Apron-Advocacy for the Good of the Nation State? Patterns of Political Participation among Nationalist Women in Contemporary Japan

2008年4月23日 / 6.30 P.M.

Kimiko Osawa, University of Wisconsin, Madison

In this presentation I will examine the ideologies and activities of members in Japan’s women’s nationalistic groups. Nihon Josei no Kai (Japan Women’s Group) and Tatenaosō Nippon Josei Juku (Rebuild Japan: Women’s School) are the two main women’s nationalistic groups in contemporary Japan. Both were founded in the early 2000s. Both tend to praise pre-war Japan (especially Meiji-era Japan) and its conservative social order and morality, including its gender norms.

Activists in these groups attempt to influence public policies and the political process alike. They strive for their conservative ideals to be adopted in the political sphere. The main question to be asked in this research is why these women are being active political participants when, at the same time, they are upholding conservative gender norms in which women are primarily defined as mothers and wives who stay home and take care of their families.
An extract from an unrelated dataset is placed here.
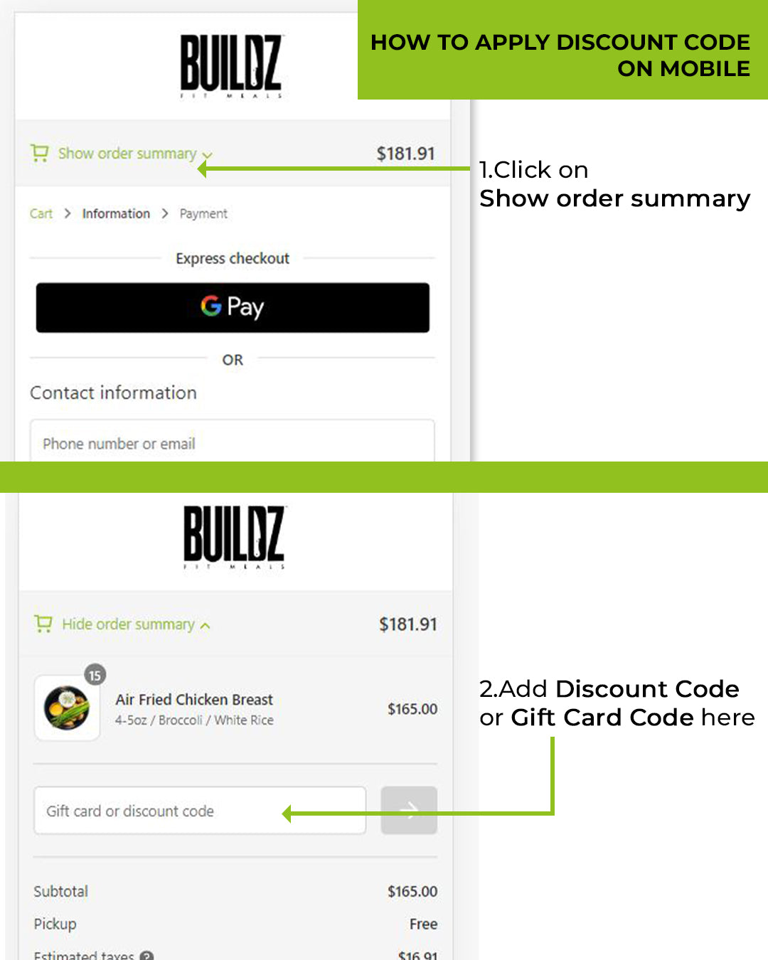 How to apply discount code or gift card on mobile.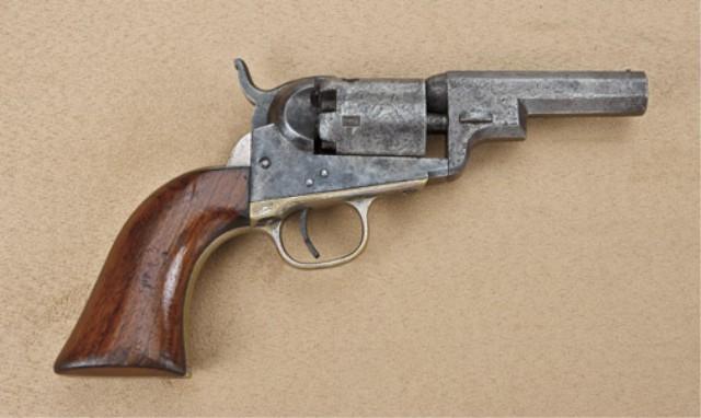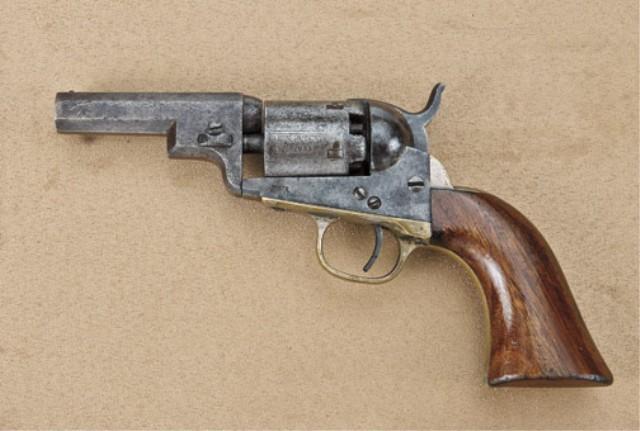 Colt model 1849 pocket model, .31 caliber percussion, 3” barrel, no rammer, so called “Wells Fargo” variation, serial #122093. The revolver remains in good original condition showing a grey to brown original finish, some scattered light to moderate erosion and some slightly heavy pitting on cylinder and breech of barrel. The cylinder shows 20-30% cylinder scene, the edges show some wear at the muzzle and there are some dings and mars toward the forward left front of barrel. The barrel address is good, Colt’s patent marking good on frame and cylinder. The backstrap and triggerguard show 20-30% original silver. The grips are good with 40-60% varnish, normal wear at the edges, slight scratches, minor imperfections. All matching visible serial numbers, good action, fair to good interior. The revolver is absolutely original and shows the small “8” beneath the serial number, frame, and backstrap, which is commonly found on the Wells Fargo variation and experts agree it was some sort of factory designation for the 3” pocket or Wells Fargo, but no exact determination of why the number “8” was used. A scarce to rare variation with estimates of approx. 500 – 1,000 produced. Est: $1,500 -

Furthermore, their active political participation is interesting to study against the backdrop of contemporary Japan’s political culture with the women’s level of political participation being lower than that of men, and a general political apathy being widespread among citizens.

Instead of offering definitive arguments, I will present some possible answers to my research questions. I will describe who these nationalist women and women’s groups are, what their ideals and arguments are, and what kind of activism they engage in. This presentation is based on data I have collected so far through interviews of activists, participant observation within one of the aforementioned women’s groups, and archival research.

Kimiko Osawa is a Ph.D. candidate in political science at the University of Wisconsin, Madison. She is currently a visiting researcher at Tokyo University’s Institute for Social Science on a grant by the Matsushita International Foundation.